Région métropolitaine 3 523 744 (2005) 5 4 770 180 (2005)

FIGURE 3 Niveaux d’investigation

2. CONSTATS ET CONTRAINTES MÉTHODOLOGIQUES

Dans le cas du bill 26, nous avons retenu la totalité des mémoires déposés à l’assemblée nationale, les procès verbaux des débats reliés à la loi et le Rapport du comité d’étude sur l’assistance publique (Rapport Boucher) de 1963. En ce qui concerne la loi 112, 114 auditions publiques ont été tenues et toutes les organisations conviées ont déposé un mémoire. Comme il nous a paru irréaliste de prendre en considération tous ces documents dans le cadre d’un mémoire de maîtrise, nous avons dû procéder à une classification suivie d’un échantillonnage. Ainsi, à partir des quatre grands acteurs correspondant aussi aux forces sociales en présence lors du sommet socio-économique de 1996, précurseur de la loi 112, soit le Patronat, les Syndicats, l’État et le Socio-communautaire, nous avons élaboré une classification adaptée à notre objet en tenant compte des typologies d’acteurs déjà existantes (Voir annexe). Pour chaque catégorie d’acteur, un échantillon minimum de 20% jusqu’à concurrence de 100% des mémoires et des audiences publiques a été retenu.

2.1. Les acteurs en présence dans l’adoption du Bill 26

D’entrée de jeu, il est impossible d’analyser les acteurs en présence sans faire référence à l’État fédéral puisque le destin de la loi de l’aide sociale était intimement lié à celui du Régime d’assistance publique du Canada (RAPC) qui prévoyait d’assumer 50% des frais encourus par les programmes d’assistance publique mis en place par les provinces. Comme le souligne Boychuk (1998, p.85), la présence de l’acteur fédéral pourrait avoir constitué un levier dans l’adoption du bill 26: “The extension of federal cost-sharing coincided quite closely with the emergence of the

powerful forces unleashed by the fracturing of traditional Quebec society, through it is difficult to gauge the relative weight of each in reshaping the social assistance system.” Par contre, même si la

nécessité d’un interventionnisme accru apparaissait aux acteurs des deux paliers, un fossé les séparait: la dimension constitutionnelle. Ainsi, autant le gouvernement Lesage que Bertrand a voulu s’extraire du programme à frais partagé, estimant que l’aide sociale devait être de juridiction provinciale. Le Québec voulait mettre en place un modèle de développement qui soit à son image.

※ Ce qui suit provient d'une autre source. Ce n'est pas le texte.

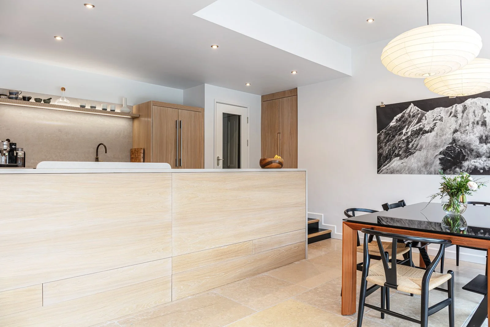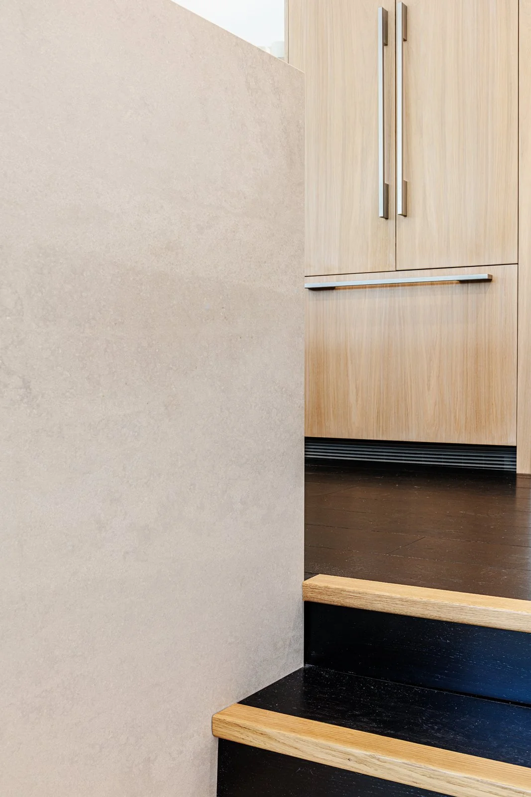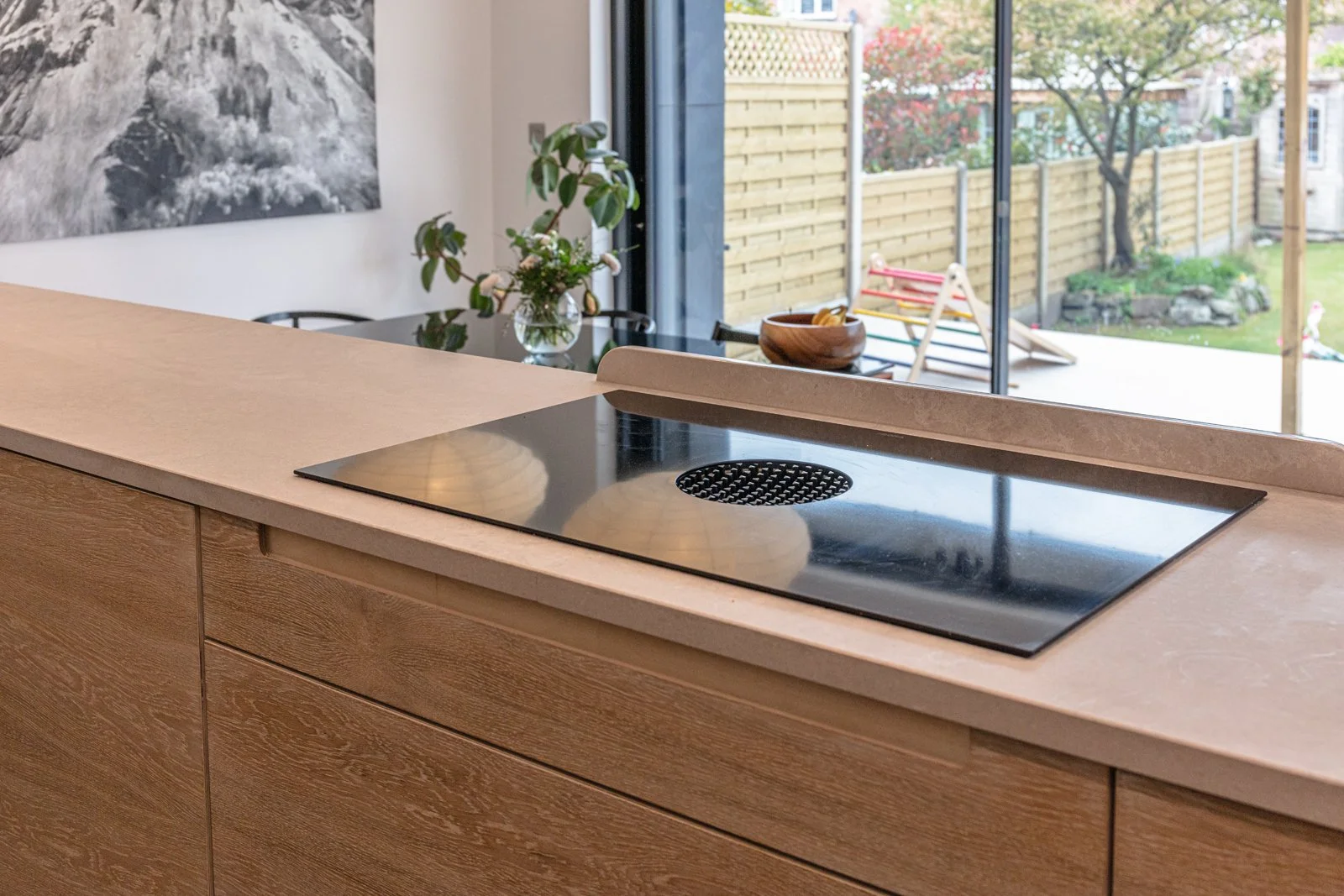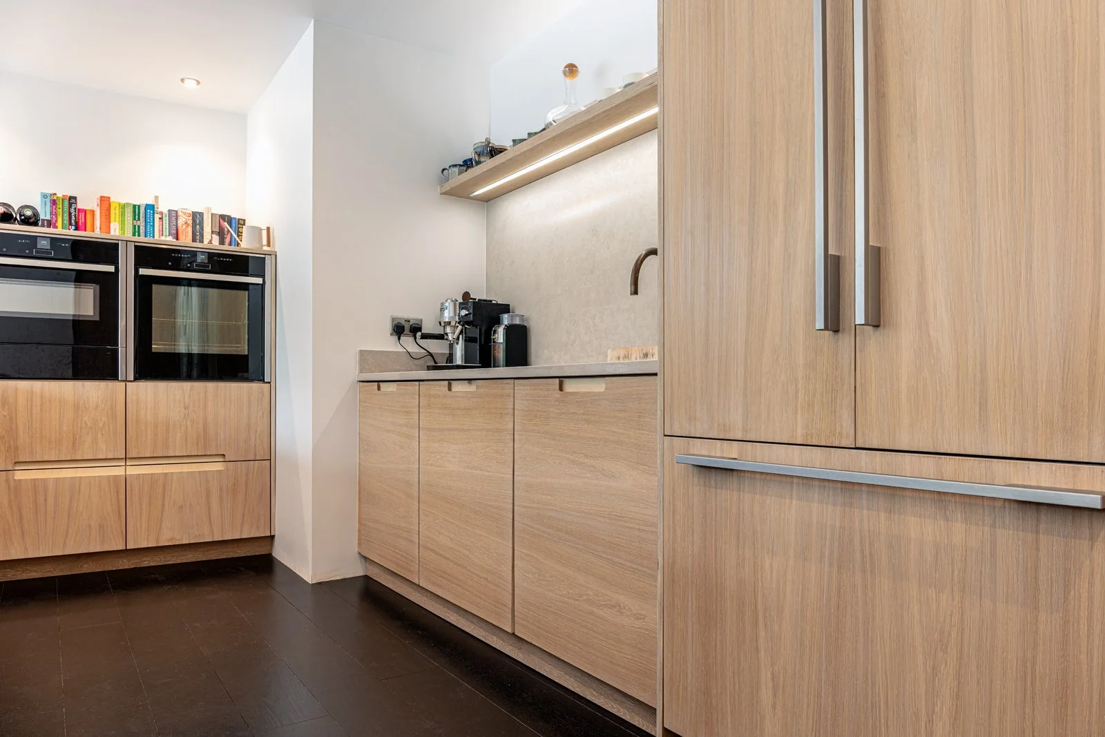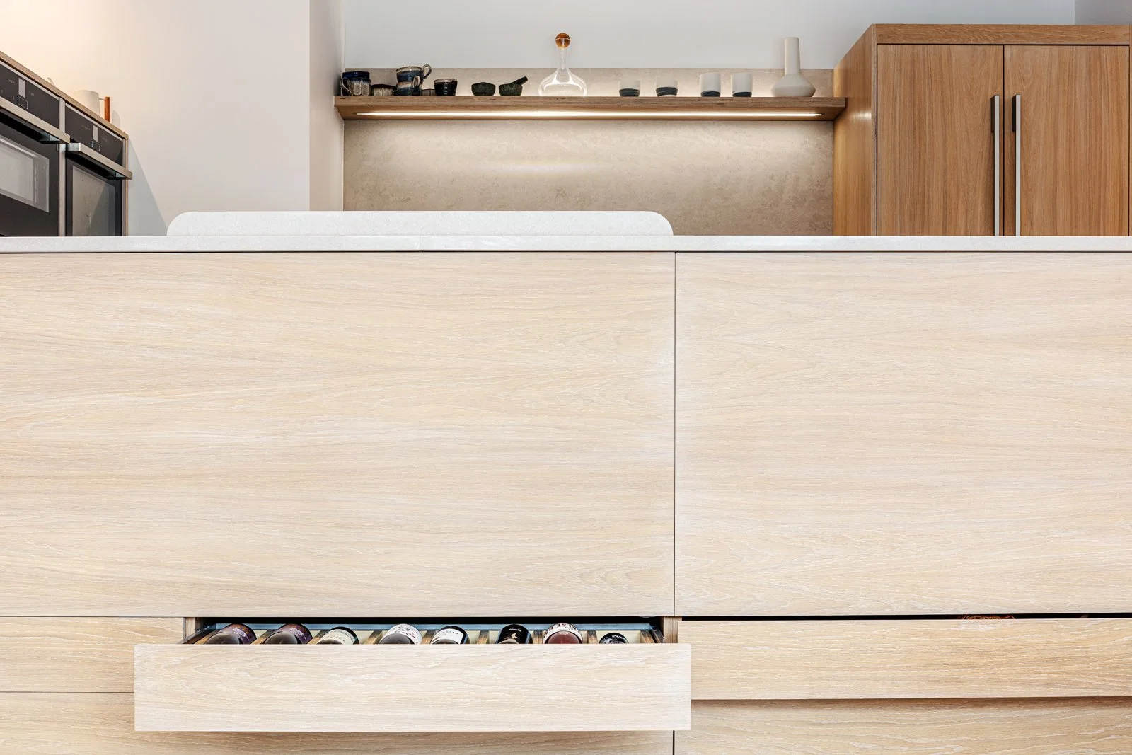 Introducing "Natural Scandi," a bespoke kitchen that epitomizes the serene simplicity of Scandinavian design infused with organic charm. This space is a symphony of natural textures, featuring oak ply handle-less cabinetry with a hand-applied limed finish that accentuates the wood's raised grain, creating a continuous, harmonious flow. The tactile beauty of the cabinets is complemented by the cool sophistication of the concrete-effect quartz worktops, embodying a muted color palette that soothes the senses. Every detail, from the Bora X-Pure venting hob to the secret drawers within the peninsula island, is meticulously integrated, ensuring functionality without sacrificing the kitchen's understated elegance. With an integrated French-door fridge/freezer by Fisher and Paykel, "Natural Scandi" is a retreat of tranquility and refined, minimalist living. Alternatively, check out our Japandi kitchen design.

2.2. L’État québécois, acteur central dans la construction de l’État-providence

Jusqu’à la fin du régime Duplessiste, la gestion de la pauvreté relevait essentiellement de la sphère privée et prenait place dans les solidarités traditionnelles. À partir de la prise du pouvoir par le parti libéral de Jean Lesage en juin 1960, l’État québécois a pris un grand virage pour s’engager dans la Révolution tranquille. Les bureaucrates ont joué un rôle décisif dans la promotion des idées réformistes, notamment les auteurs du rapport Boucher. Bien que la réflexion sur l’adoption d’une loi de l’aide sociale ait été impulsée sous le gouvernement Lesage, c’est par l’Union nationale qu’elle a été sanctionnée. Nous constatons que le processus d’adoption de la loi s’est fait sans débat idéologique, sans remise en question des stratégies fondamentales à privilégier. Tous partageaient une même conscience du retard du Québec dans le développement social et du caractère inacceptable d’une telle situation dans un pays développé. Sans conteste, l’État devait endosser son rôle de régulateur social.

2.3. Les acteurs sociaux impliqués dans la formulation du Bill 26

Bien que l’on sache que les syndicats et le mouvement ouvrier, au cœur du rapport salarial et du compromis fordiste, ont été des acteurs décisifs dans la construction des États-providence (Lipietz, 1989; Vaillancourt, 1986), notre corpus de données ne nous permet pas de confirmer leur implication. Nonobstant cette absence, on dénombre une vingtaine d’associations s’étant prononcée en commission parlementaire, pour la plupart des organisations religieuses ou des comités de citoyens, ces derniers étant le fidèle reflet de la décennie des années 1960 où ils constituaient la principale forme organisationnelle du mouvement populaire. Mettant de l’avant la notion de droits sociaux, ces acteurs proposaient des stratégies fortement démarchandisantes et évoquaient les causes structurelles de la pauvreté. Pensons à la phrase fracassante de Paul Deboies (P.V., p.3801) : « You goddamn pea

soup, speak white! » qui témoigne de la domination économique structurelle des francophones par les

anglophones. Bien que favorables à l’adoption du bill 26, certains acteurs mettaient de l’avant des stratégies inclusives, se distinguant du modèle de développement fordiste providentialiste et de sa bureaucratisation, sa centralisation et sa hiérarchisation. Soulignant le déficit de participation caractéristique des rapports de consommation providentialistes, le Secrétariat social de St-Roch (mémoire, p.2) a critiqué ainsi le rôle de l’État: «S’il veut tout remplacer, il détruit sa principale richesse qui est l’initiative des citoyens et des corps intermédiaires et se précipite dans une aventure sans issue.». Nous constatons que déjà des acteurs sociaux proposaient des stratégies innovantes et marquant une rupture avec la logique bureaucratique inhérente au providentialisme.

2.4. Processus technocratique ou volonté de consultation?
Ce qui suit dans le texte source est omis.